BEGIN
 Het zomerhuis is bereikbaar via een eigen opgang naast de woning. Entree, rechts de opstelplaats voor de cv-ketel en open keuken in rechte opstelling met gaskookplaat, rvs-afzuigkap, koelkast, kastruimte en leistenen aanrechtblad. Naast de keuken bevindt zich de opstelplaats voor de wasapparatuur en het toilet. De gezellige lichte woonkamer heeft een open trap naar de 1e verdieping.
END
BEGIN
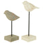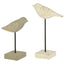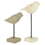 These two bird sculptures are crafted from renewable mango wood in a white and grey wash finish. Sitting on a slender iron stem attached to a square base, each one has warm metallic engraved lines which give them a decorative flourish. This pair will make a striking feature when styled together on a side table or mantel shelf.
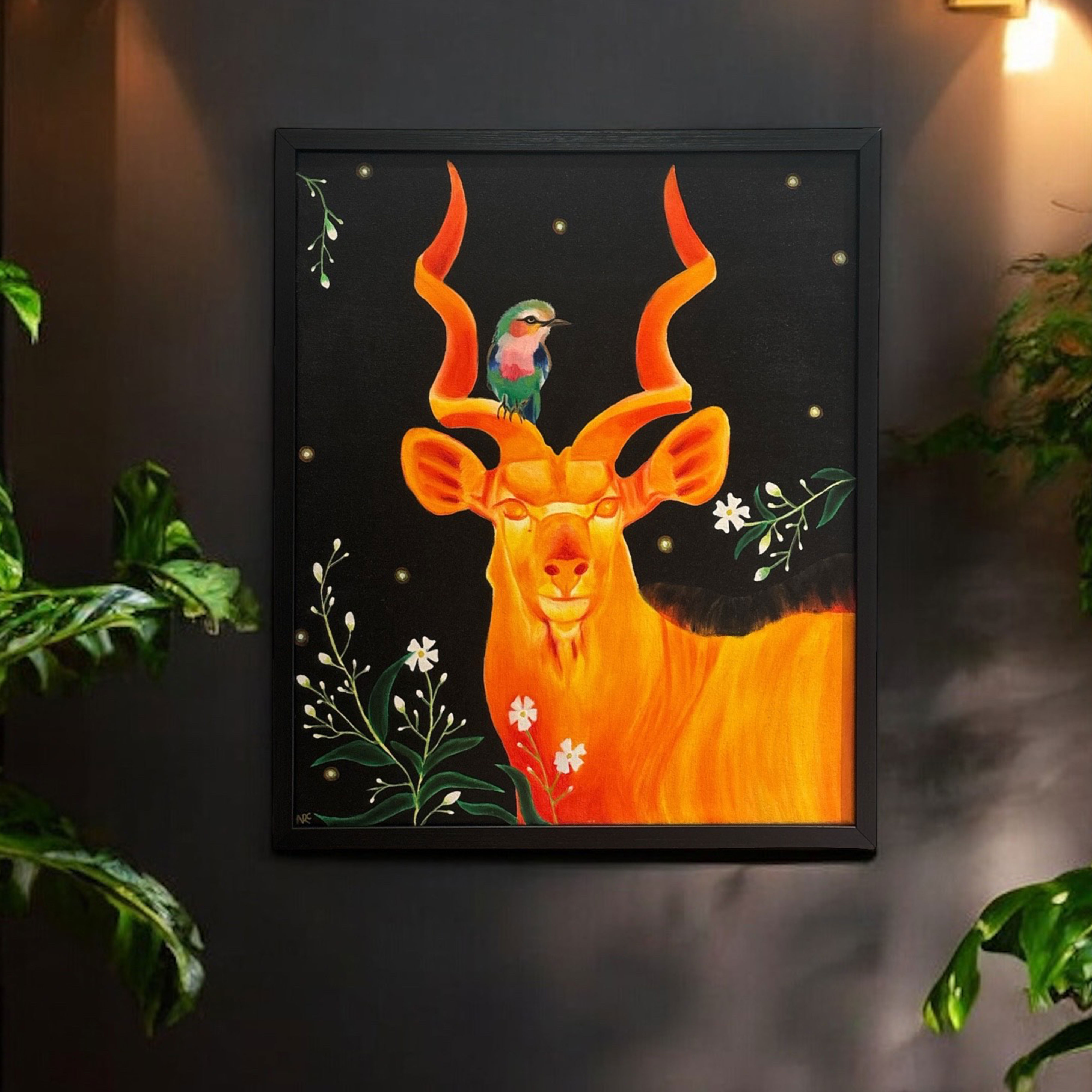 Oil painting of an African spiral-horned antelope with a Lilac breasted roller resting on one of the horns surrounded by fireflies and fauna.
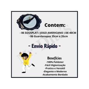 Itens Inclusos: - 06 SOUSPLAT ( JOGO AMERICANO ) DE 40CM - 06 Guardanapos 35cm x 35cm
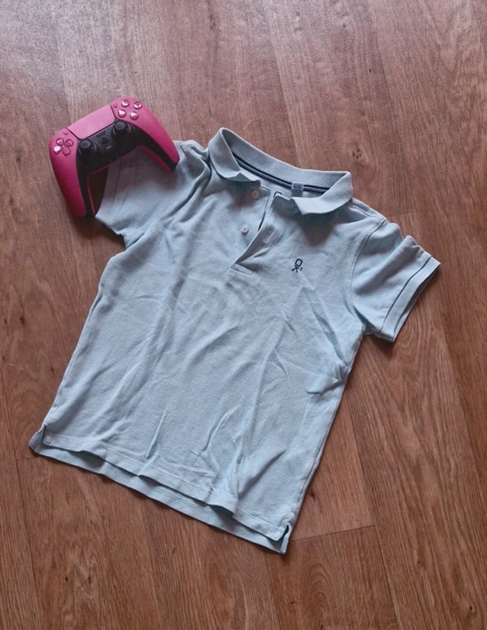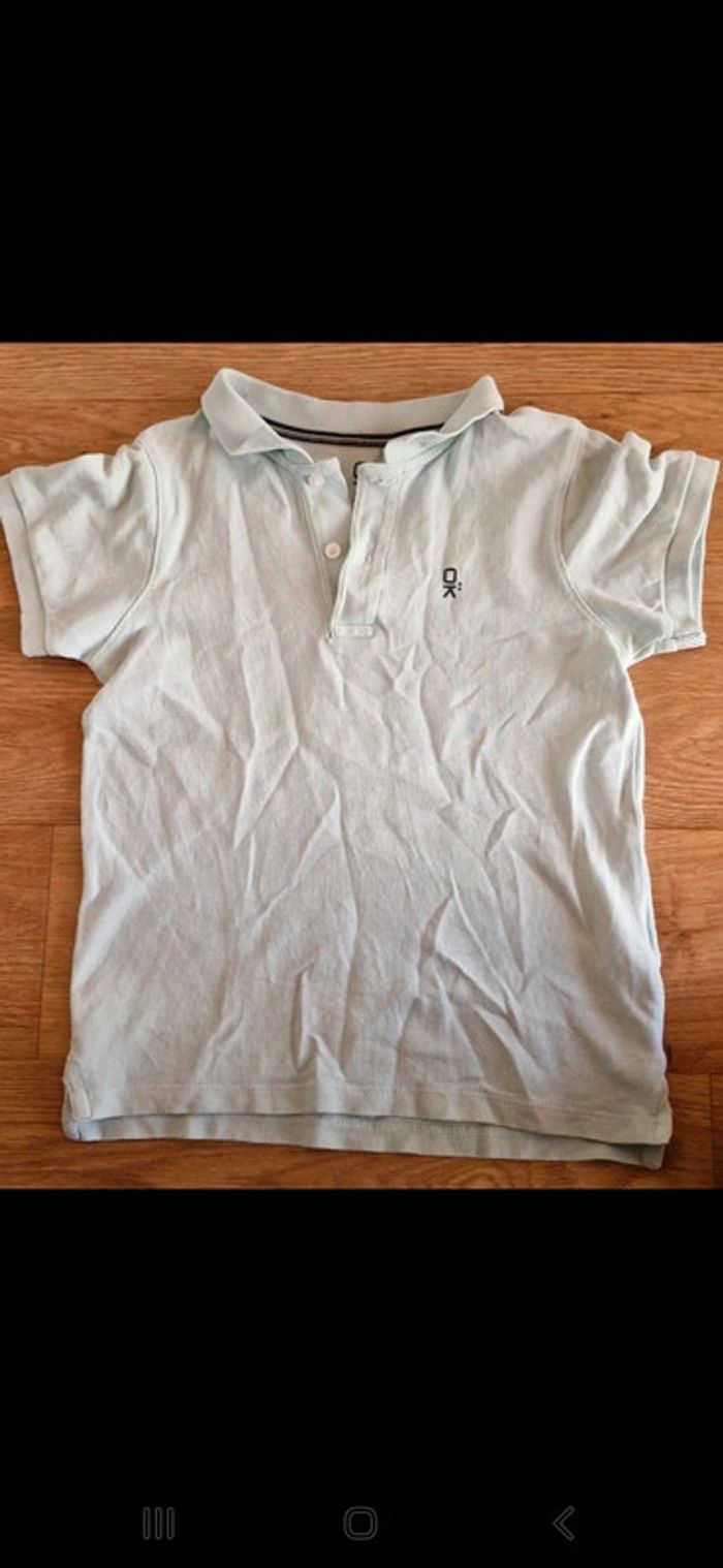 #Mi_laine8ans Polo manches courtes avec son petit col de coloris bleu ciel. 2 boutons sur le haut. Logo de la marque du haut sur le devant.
END
Write out word for word the lines of the listing above from the line with "Oil painting of" to the line with "#Mi_laine8ans Polo manches", taking in both of those lines but no pictures.

### REPLY TO THE TASK
 Oil painting of an African spiral-horned antelope with a Lilac breasted roller resting on one of the horns surrounded by fireflies and fauna.
 Itens Inclusos: - 06 SOUSPLAT ( JOGO AMERICANO ) DE 40CM - 06 Guardanapos 35cm x 35cm
 #Mi_laine8ans Polo manches courtes avec son petit col de coloris bleu ciel. 2 boutons sur le haut. Logo de la marque du haut sur le devant.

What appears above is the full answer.